# [solved] intel pro/wireless 3945ABG help

## Entith

Hi,

I have an HP Pavilion dv9000 laptop with an intel pro/wireless 3945ABG wifi card and am using the 2.6.29 linux kernel

I've been trying to get this card working without much success. I've searched, but most of what i've found is confusing or seems incomplete.

I am rather new to linux, but I have successfully installed Gentoo on my desktop PC (no wifi) using genkernel and have installed gentoo on my laptop several times trying to get this card working, both with genkernel and configuring the kernel on my own

If someone could tell me what exactly to enable in the kernel configuration, and how to get the card card working afterwards. And any explanation of how you figured something out or why something needs to be done would be appreciated, trying to learn as much as i can.

Thanks for any helpLast edited by Entith on Wed Jul 08, 2009 10:01 pm; edited 1 time in total

----------

## szczerb

You'll find it in device drivers -> network devices -> wifi or similar.

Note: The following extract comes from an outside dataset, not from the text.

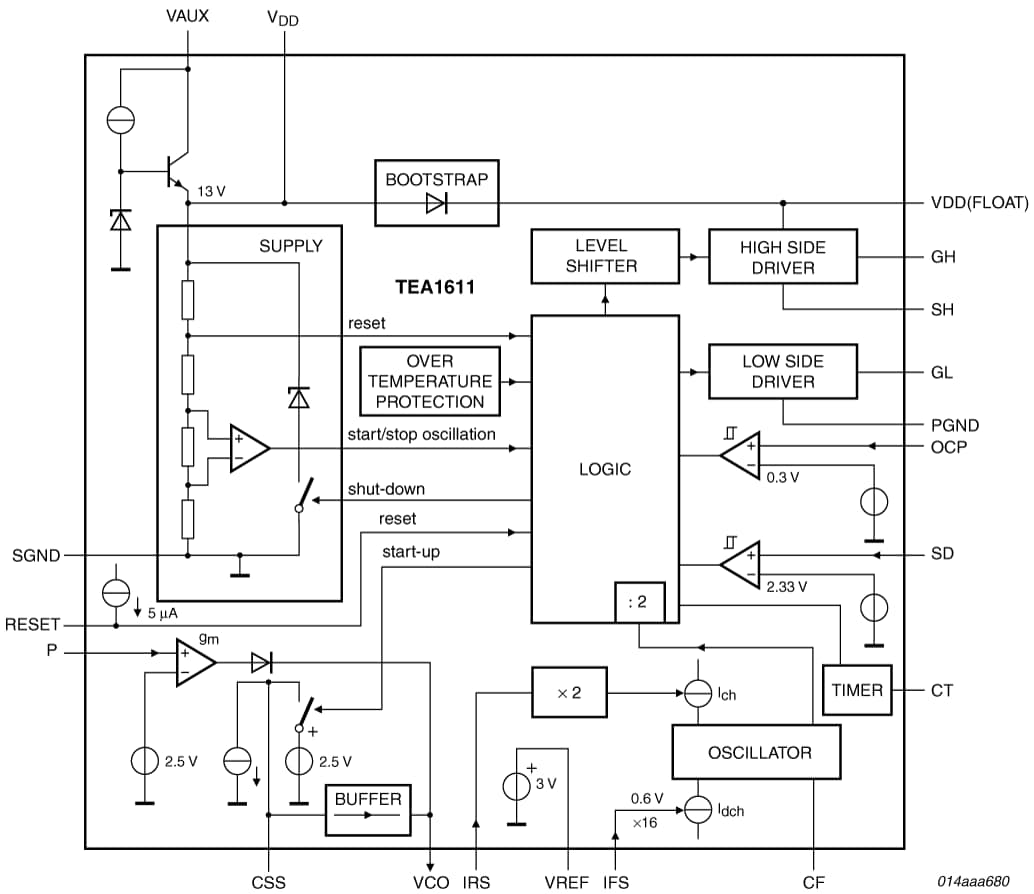 TEA1611T是通过高压扩散金属氧化物半导体(DMOS)工艺制成的单片集成电路,这是用于零电压开关谐振转换器的高压控制器。该IC可驱动半桥配置中的两个分立功率MOSFET。其还包括一个自举电路,一个具有精确可编程频率范围的振荡器,一个闩锁关断功能以及一个跨导误差放大器。

You also need the ucode package from portage. There are to slotted versions. The newer is for recent kernels (I think .29 and up) and the other one is for older ones.

----------

## Hypnos

The relevant unofficial guide has all the info you need for setting up your kernel.

Afterwards, if you are using something like NetworkManager it should "just work."  However, if you prefer manual configuration of your networking, follow the official guide.

----------

## Entith

 *Hypnos wrote:*   

> The relevant unofficial guide has all the info you need for setting up your kernel.
> 
> Afterwards, if you are using something like NetworkManager it should "just work."  However, if you prefer manual configuration of your networking, follow the official guide.

 

Worked, thanks alot  :Smile: 

Still didn't see wlan0 when I first booted into my installation, but when I had Gnome and NetworkManager running, everything worked.

Thanks again for the help,

Entith

----------